Firmware updates being what they are, I reminded myself I had an entire weekend to roll back or find a fix. I referred to the release notes, which suggested that if those very two buttons were grayed out after an upgrade, a simple reboot would restore order to the AirCheck's world. Unfortunately, a couple of attempts later I found myself still scratching my head and wondering what my best, next options were. I re-downloaded the firmware file, reconnected the AirCheck, and tried again. Rinse and repeat; no luck. The Manager software showed the new firmware version applied, but my device seemed, for lack of a better term, hung or frozen. It was then I remembered that I'd violated one of my own principles of systems management: Whenever updating critical components, do one thing a time if at all possible. Nothing warned me against applying the new Vendor MAC Prefix file before disconnecting my unit after the firmware update, but "older players" should know better. 

“...the same principles apply as when I was doing Saturday morning patches and DSRepairs on Novell file servers at Conoco 15 years ago.”

Digging though my downloads, I also noticed that my Prefix file had been automatically renamed by my file system due to a duplicate file name. In the abundance of caution that inevitably prevails in the wake of a sideways upgrade, I saved the previous copies to another directory, re-downloaded the file (just in case), re-connected the AirCheck, and applied the update. A few seconds later everything was back to normal, and I could check out the cool new features in version 1.1.

The 802dotKey

The real point of this post isn't about the firmware and Vendor MAC Prefix file updates of NETSCOUT's AirCheck G2. I can't even say for certain whether I uncovered the true root cause--it may have just been a fluke (no pun intended).
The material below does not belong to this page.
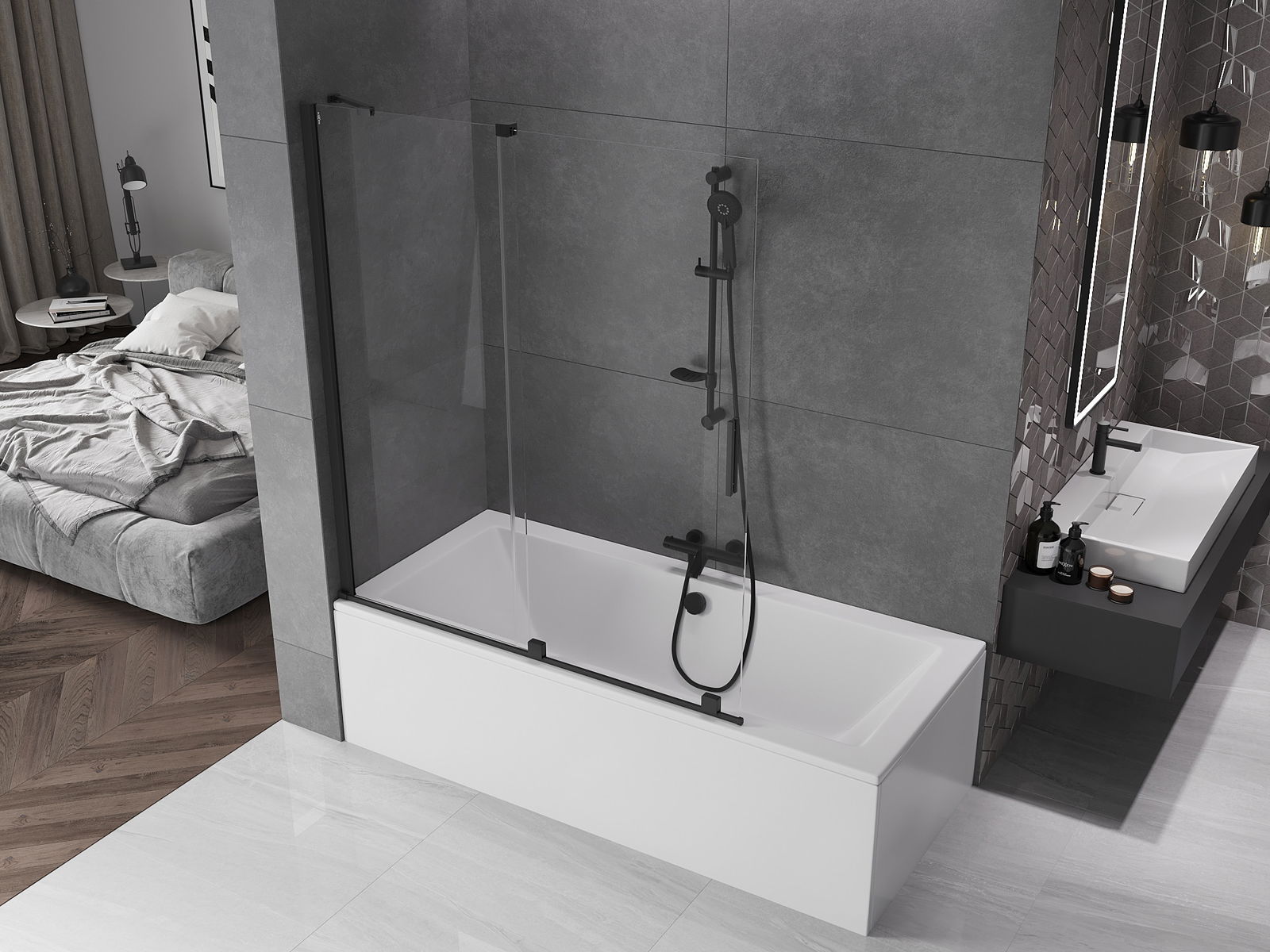 Mexen Velar kétszárnyú tolózuhanyfal 140 x 150 cm, átlátszó, fekete - 896-140-000-01-70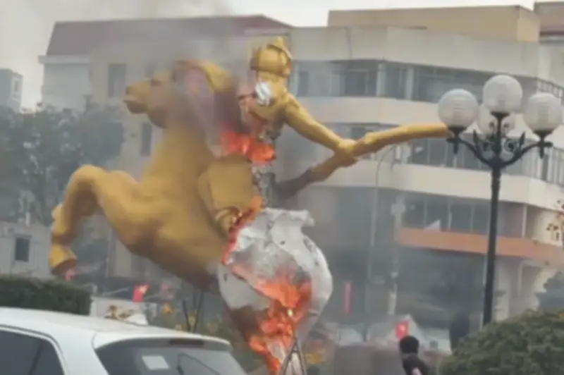 Ngọn lửa bùng phát nhanh chóng, thiêu rụi phần lớn cấu trúc gỗ của linh vật. Lực lượng cứu hỏa đã có mặt kịp thời để dập tắt đám cháy, ngăn chặn lan rộng sang các khu vực lân cận. Tuy nhiên, linh vật đã bị hư hỏng nặng, gây thiệt hại về tài sản ước tính hàng chục triệu đồng.

I only included all that detail in case it does help others if they find themselves in a similar situation. My true motivation was a quick reminder to myself and others to practice good system management and maintenance habits at all times. This may have been just an update for a personally owned wireless analysis tool, but the same principles apply as when I was doing Saturday morning patches and DSRepairs on Novell file servers at Conoco 15 years ago. Be deliberate. Be precise. Give yourself recovery options. And don't make things more complicated than they need to be. Not only does this reduce the likelihood of encountering problems along the way, it significantly simplifies the troubleshooting process when something unexpected does take place. All these years later I still occasionally need that reminder, but I'm thankful this time it was gentle and confined to the scope of my own anxiety. One of these days maybe I'll carry the more permanent wisdom of an older player.